▸ Assignment:
Please restate each entry word for word and leave the pictures out.
========
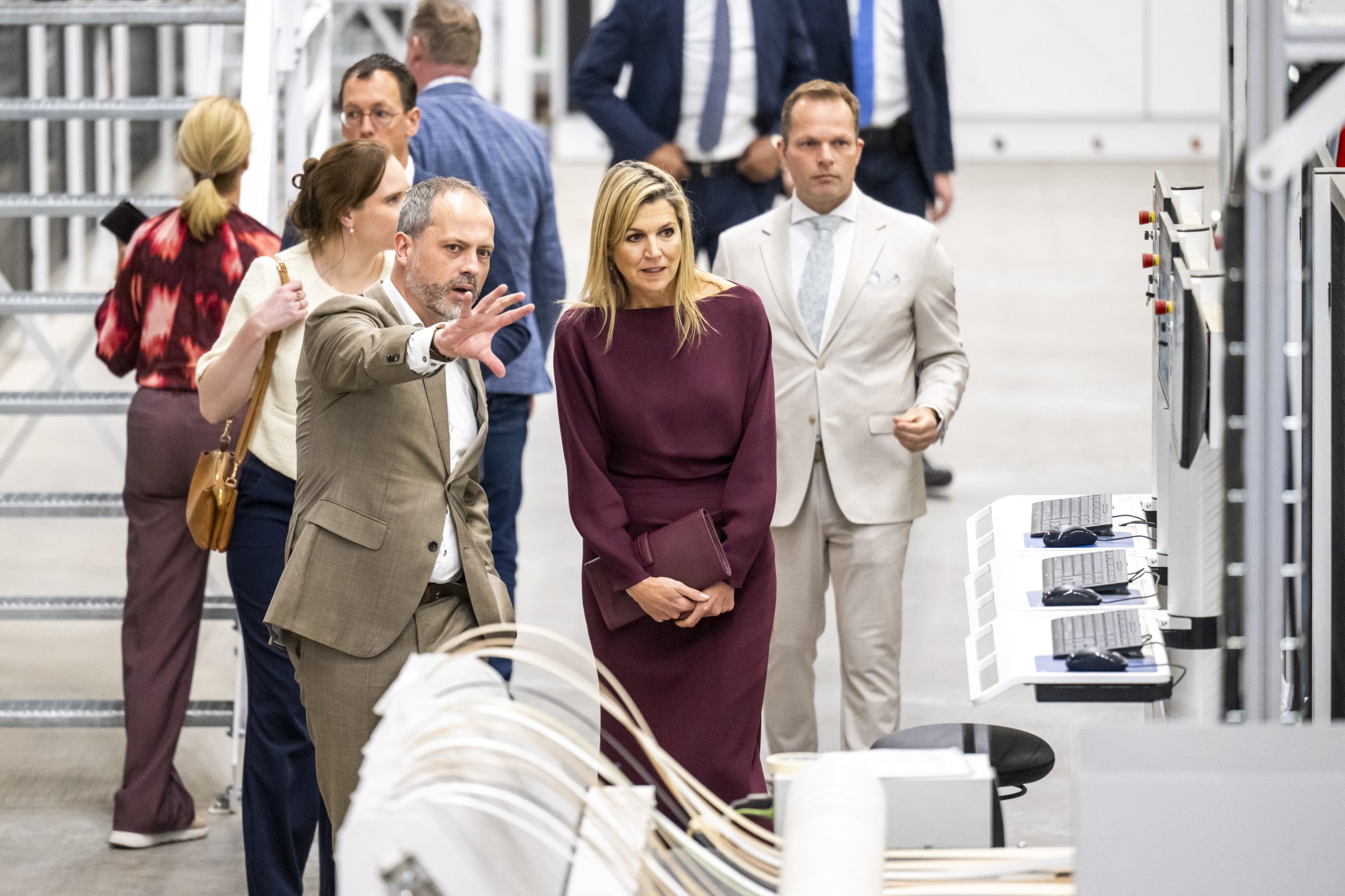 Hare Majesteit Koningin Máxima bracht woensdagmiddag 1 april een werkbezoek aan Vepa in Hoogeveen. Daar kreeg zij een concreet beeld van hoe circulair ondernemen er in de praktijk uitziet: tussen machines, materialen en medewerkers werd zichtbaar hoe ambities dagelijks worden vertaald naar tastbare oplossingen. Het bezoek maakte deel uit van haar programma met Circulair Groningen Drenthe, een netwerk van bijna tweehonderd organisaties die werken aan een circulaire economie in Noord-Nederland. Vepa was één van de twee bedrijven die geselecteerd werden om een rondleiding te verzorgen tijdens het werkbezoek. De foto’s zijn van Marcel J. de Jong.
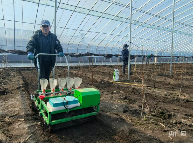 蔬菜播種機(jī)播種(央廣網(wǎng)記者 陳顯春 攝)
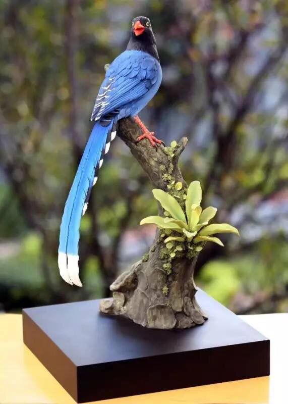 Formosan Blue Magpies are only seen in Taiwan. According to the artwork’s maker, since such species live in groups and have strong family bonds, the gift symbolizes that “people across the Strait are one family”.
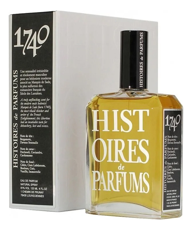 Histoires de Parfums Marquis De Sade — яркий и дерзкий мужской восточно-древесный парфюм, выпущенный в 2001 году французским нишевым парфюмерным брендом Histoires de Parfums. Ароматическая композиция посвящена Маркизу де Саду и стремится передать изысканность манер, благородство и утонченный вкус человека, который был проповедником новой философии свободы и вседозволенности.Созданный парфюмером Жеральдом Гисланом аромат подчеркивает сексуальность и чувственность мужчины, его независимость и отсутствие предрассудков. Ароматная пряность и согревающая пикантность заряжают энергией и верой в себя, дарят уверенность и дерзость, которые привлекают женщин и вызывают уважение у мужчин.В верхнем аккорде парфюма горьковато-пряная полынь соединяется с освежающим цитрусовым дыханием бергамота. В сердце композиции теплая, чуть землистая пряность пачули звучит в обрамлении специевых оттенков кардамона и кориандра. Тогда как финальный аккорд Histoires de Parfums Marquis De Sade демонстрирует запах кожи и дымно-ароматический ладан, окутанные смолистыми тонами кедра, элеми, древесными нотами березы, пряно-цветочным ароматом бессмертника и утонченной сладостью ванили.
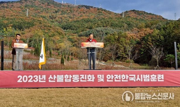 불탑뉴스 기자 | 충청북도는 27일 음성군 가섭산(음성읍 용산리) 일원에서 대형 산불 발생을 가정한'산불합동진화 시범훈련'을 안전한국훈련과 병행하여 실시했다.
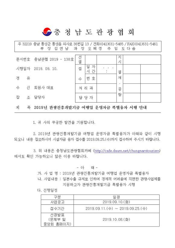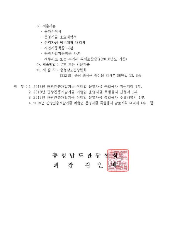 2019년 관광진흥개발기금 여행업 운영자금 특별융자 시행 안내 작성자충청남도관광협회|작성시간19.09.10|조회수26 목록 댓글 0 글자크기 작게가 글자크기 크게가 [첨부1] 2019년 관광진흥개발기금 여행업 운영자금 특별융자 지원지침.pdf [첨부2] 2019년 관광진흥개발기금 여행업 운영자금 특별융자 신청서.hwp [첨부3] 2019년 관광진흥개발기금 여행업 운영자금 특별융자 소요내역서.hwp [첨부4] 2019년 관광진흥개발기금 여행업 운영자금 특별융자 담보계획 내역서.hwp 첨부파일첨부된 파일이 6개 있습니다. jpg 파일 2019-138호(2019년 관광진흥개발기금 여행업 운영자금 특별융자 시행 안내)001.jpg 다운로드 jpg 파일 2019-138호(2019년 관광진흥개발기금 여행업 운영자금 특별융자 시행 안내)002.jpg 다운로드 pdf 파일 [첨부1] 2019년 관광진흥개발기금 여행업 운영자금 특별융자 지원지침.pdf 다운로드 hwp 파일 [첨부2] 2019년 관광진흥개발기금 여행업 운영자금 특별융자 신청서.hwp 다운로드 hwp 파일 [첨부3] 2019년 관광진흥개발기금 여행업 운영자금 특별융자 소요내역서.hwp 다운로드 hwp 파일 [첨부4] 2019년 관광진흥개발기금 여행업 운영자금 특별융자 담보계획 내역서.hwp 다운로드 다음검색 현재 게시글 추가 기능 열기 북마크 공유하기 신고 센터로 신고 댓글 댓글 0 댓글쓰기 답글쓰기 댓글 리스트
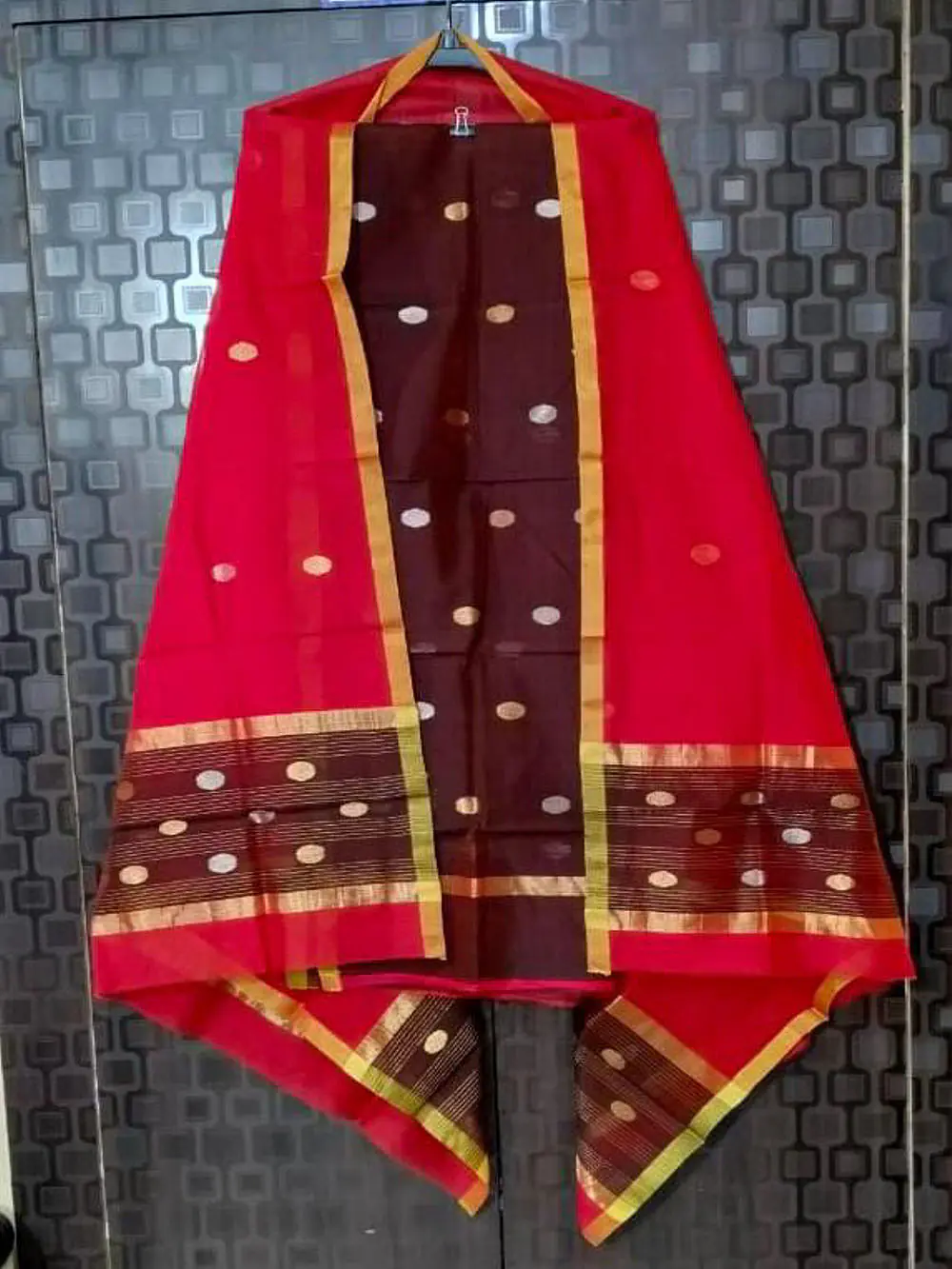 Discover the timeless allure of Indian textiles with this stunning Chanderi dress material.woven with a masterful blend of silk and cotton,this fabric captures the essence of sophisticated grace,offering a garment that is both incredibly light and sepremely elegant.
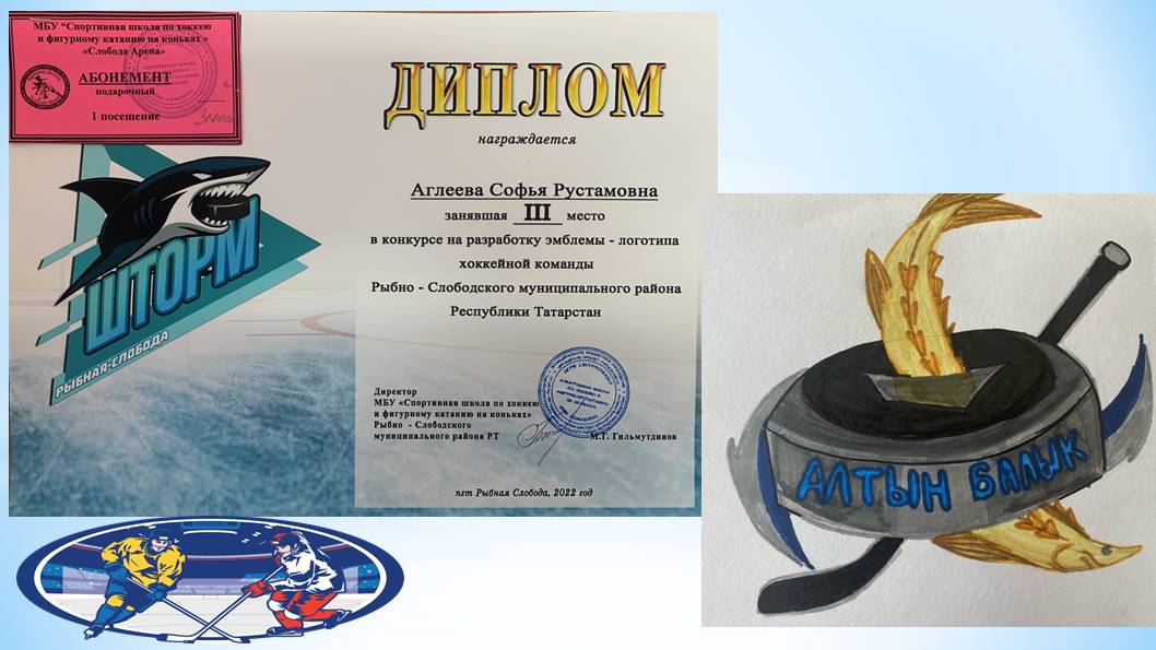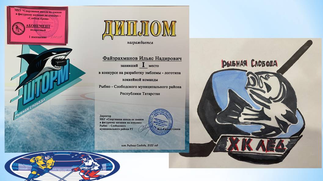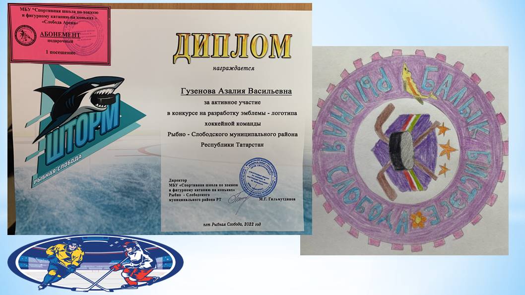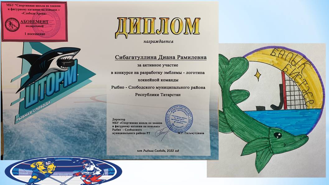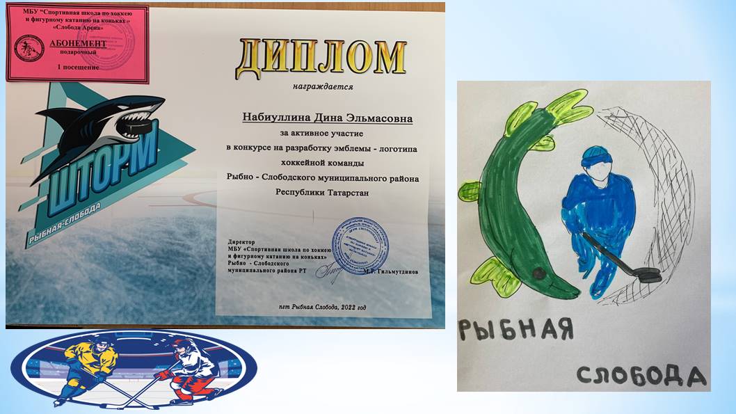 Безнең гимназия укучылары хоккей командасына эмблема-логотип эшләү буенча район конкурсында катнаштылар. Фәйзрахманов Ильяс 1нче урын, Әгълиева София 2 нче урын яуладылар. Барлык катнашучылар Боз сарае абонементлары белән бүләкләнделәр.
========
▸ Output:
 Hare Majesteit Koningin Máxima bracht woensdagmiddag 1 april een werkbezoek aan Vepa in Hoogeveen. Daar kreeg zij een concreet beeld van hoe circulair ondernemen er in de praktijk uitziet: tussen machines, materialen en medewerkers werd zichtbaar hoe ambities dagelijks worden vertaald naar tastbare oplossingen. Het bezoek maakte deel uit van haar programma met Circulair Groningen Drenthe, een netwerk van bijna tweehonderd organisaties die werken aan een circulaire economie in Noord-Nederland. Vepa was één van de twee bedrijven die geselecteerd werden om een rondleiding te verzorgen tijdens het werkbezoek. De foto’s zijn van Marcel J. de Jong.
 蔬菜播種機(jī)播種(央廣網(wǎng)記者 陳顯春 攝)
 Formosan Blue Magpies are only seen in Taiwan. According to the artwork’s maker, since such species live in groups and have strong family bonds, the gift symbolizes that “people across the Strait are one family”.
 Histoires de Parfums Marquis De Sade — яркий и дерзкий мужской восточно-древесный парфюм, выпущенный в 2001 году французским нишевым парфюмерным брендом Histoires de Parfums. Ароматическая композиция посвящена Маркизу де Саду и стремится передать изысканность манер, благородство и утонченный вкус человека, который был проповедником новой философии свободы и вседозволенности.Созданный парфюмером Жеральдом Гисланом аромат подчеркивает сексуальность и чувственность мужчины, его независимость и отсутствие предрассудков. Ароматная пряность и согревающая пикантность заряжают энергией и верой в себя, дарят уверенность и дерзость, которые привлекают женщин и вызывают уважение у мужчин.В верхнем аккорде парфюма горьковато-пряная полынь соединяется с освежающим цитрусовым дыханием бергамота. В сердце композиции теплая, чуть землистая пряность пачули звучит в обрамлении специевых оттенков кардамона и кориандра. Тогда как финальный аккорд Histoires de Parfums Marquis De Sade демонстрирует запах кожи и дымно-ароматический ладан, окутанные смолистыми тонами кедра, элеми, древесными нотами березы, пряно-цветочным ароматом бессмертника и утонченной сладостью ванили.
 불탑뉴스 기자 | 충청북도는 27일 음성군 가섭산(음성읍 용산리) 일원에서 대형 산불 발생을 가정한'산불합동진화 시범훈련'을 안전한국훈련과 병행하여 실시했다.
 2019년 관광진흥개발기금 여행업 운영자금 특별융자 시행 안내 작성자충청남도관광협회|작성시간19.09.10|조회수26 목록 댓글 0 글자크기 작게가 글자크기 크게가 [첨부1] 2019년 관광진흥개발기금 여행업 운영자금 특별융자 지원지침.pdf [첨부2] 2019년 관광진흥개발기금 여행업 운영자금 특별융자 신청서.hwp [첨부3] 2019년 관광진흥개발기금 여행업 운영자금 특별융자 소요내역서.hwp [첨부4] 2019년 관광진흥개발기금 여행업 운영자금 특별융자 담보계획 내역서.hwp 첨부파일첨부된 파일이 6개 있습니다. jpg 파일 2019-138호(2019년 관광진흥개발기금 여행업 운영자금 특별융자 시행 안내)001.jpg 다운로드 jpg 파일 2019-138호(2019년 관광진흥개발기금 여행업 운영자금 특별융자 시행 안내)002.jpg 다운로드 pdf 파일 [첨부1] 2019년 관광진흥개발기금 여행업 운영자금 특별융자 지원지침.pdf 다운로드 hwp 파일 [첨부2] 2019년 관광진흥개발기금 여행업 운영자금 특별융자 신청서.hwp 다운로드 hwp 파일 [첨부3] 2019년 관광진흥개발기금 여행업 운영자금 특별융자 소요내역서.hwp 다운로드 hwp 파일 [첨부4] 2019년 관광진흥개발기금 여행업 운영자금 특별융자 담보계획 내역서.hwp 다운로드 다음검색 현재 게시글 추가 기능 열기 북마크 공유하기 신고 센터로 신고 댓글 댓글 0 댓글쓰기 답글쓰기 댓글 리스트
 Discover the timeless allure of Indian textiles with this stunning Chanderi dress material.woven with a masterful blend of silk and cotton,this fabric captures the essence of sophisticated grace,offering a garment that is both incredibly light and sepremely elegant.
 Безнең гимназия укучылары хоккей командасына эмблема-логотип эшләү буенча район конкурсында катнаштылар. Фәйзрахманов Ильяс 1нче урын, Әгълиева София 2 нче урын яуладылар. Барлык катнашучылар Боз сарае абонементлары белән бүләкләнделәр.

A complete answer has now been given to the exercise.